Teachers often begrudge the librarians their autonomy and budget...
and mostly consider them staff more than faculty.
Principals and staff consider them teachers, but often don't include
them in teacher-related activities - inadvertently reinforcing the teachers
notions that the librarians are staff as well as increase the teachers
opinions that librarians have a level of autonomy that teachers can't reach.
So, each member of both groups consider a librarian a member of the other group...  
* * *

Then again, if our students don't learn - who's to blame?
We evaluate why and start anew...
Perhaps, as some suggest below, it isn't their fault they don't know.
Much like students coming into one of our libraries for the first time,
it's up to us to show our teachers the ropes and the way things work
in a real library...
* * *
Until that time...  Earl J

Earl J. Moniz
Librarian/Photo Editor/Network Admin/Information Specialist
All-Around nice guy and, on occasion, wise guy as well. . .what's it to ya...?

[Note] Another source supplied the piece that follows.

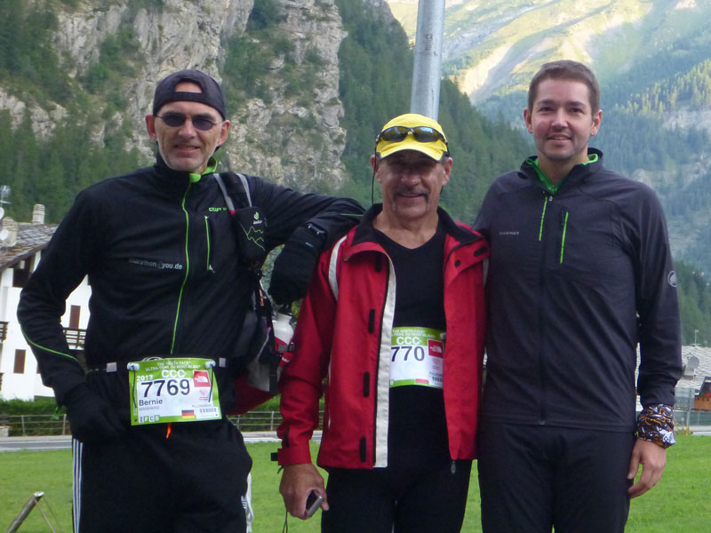 Startort für den CCC (Courmayeur-Champex-Chamonix) ist Courmayeur, auf der gegenüberliegenden Seite des Mont-Blanc-Massivs in Italien. Durch den seit 1965 eröffneten 11,6 km langen Mont-Blanc-Tunnel ist die Anfahrt relativ schnell zu bewerkstelligen. Die Tunnelröhre liegt genau unterhalb des Berges Aiguille du Midi, auf dem wir noch am Mittwoch in über 3800 m Höhe zur Besichtigungstour waren.

 USA Special Operations Command History Office, Fort Bragg, North Carolina
earljDOTmonizATmailDOTcom* * *
Date:    Thu, 24 Dec 2009 12:23:23 -0500

From:    Cheryl <csturgeo@NEO.RR.COM>
Subject: Re: Christmas slap in the face!
Our district gave the ultimate Christmas slap in the face.  They laid off 
our high school librarian.
Cheryl A. Sturgeon
Elem. Media Specialist
Highland Local Schools (OH)
* * * * *
Date:    Thu, 24 Dec 2009 12:41:27 -0500
From:    Kate Brown <kbrown@BREVISCONSULT.COM>
Subject: Slap in the face . . .
In my last position, I was the Library Director at a private secondary
school.  Though not ranked in the "top tier" of private schools academically
by national ranking organizations, many of the administrators and faculty
members acted as if the school was at least in the "top tier," if not
Over the course of my run at the school, not one but two faculty members
approached me, face-to-face, on separate occasions, with almost the same
question (which always made me wonder how many others there were with the
same question who did not have the gumption to ask).  

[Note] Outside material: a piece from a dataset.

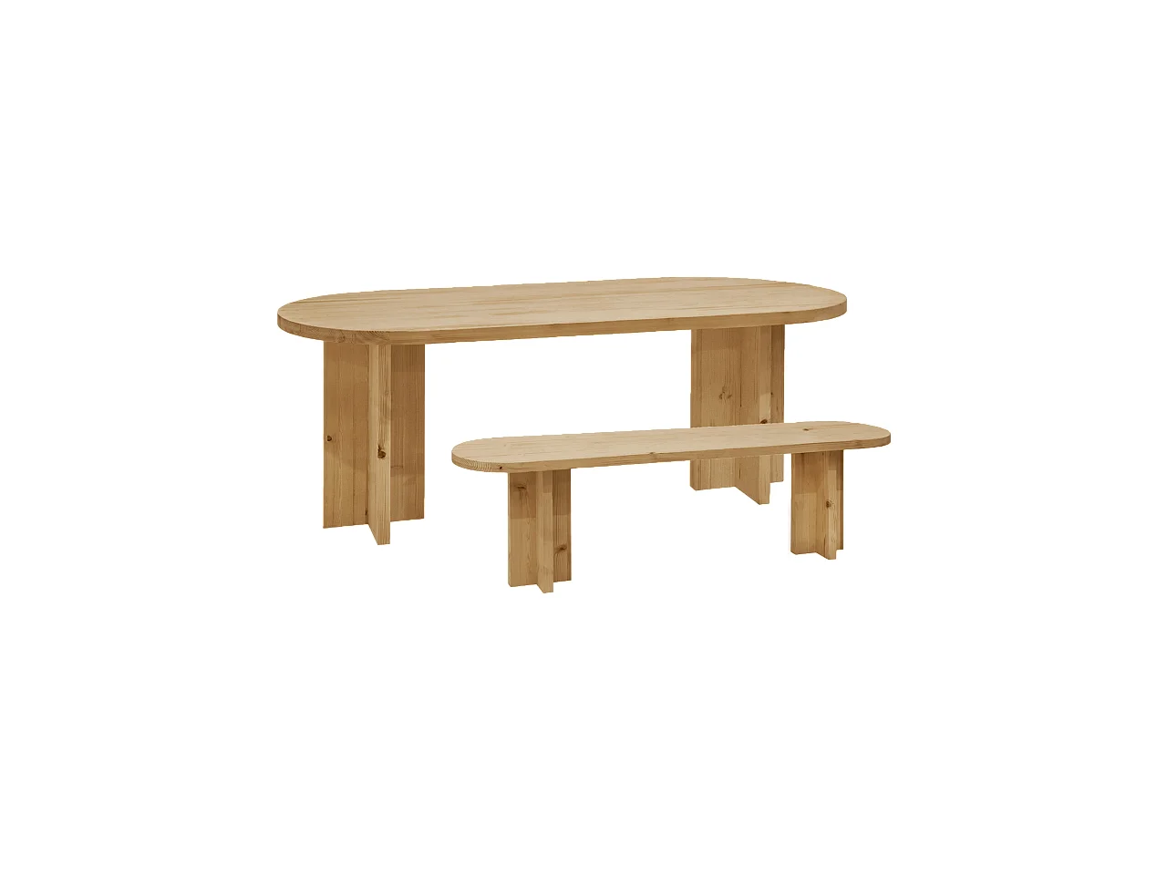 Pack de mesa de comedor de 180x80cm y banco de 140x45cm de madera maciza de abeto Decowood en tono roble medio - TOKYO - DECOWOOD

The first said, "Now I am assuming that you had to finish high school to
qualify for this position, correct?"  The second asked if I had to go to
college, a 4-year college, to be a librarian.  
I cannot count how many times while I was at the school that I was obliged
to tack "I am a member of the faculty" onto introductions to parents and/or
to other professionals visiting the campus. 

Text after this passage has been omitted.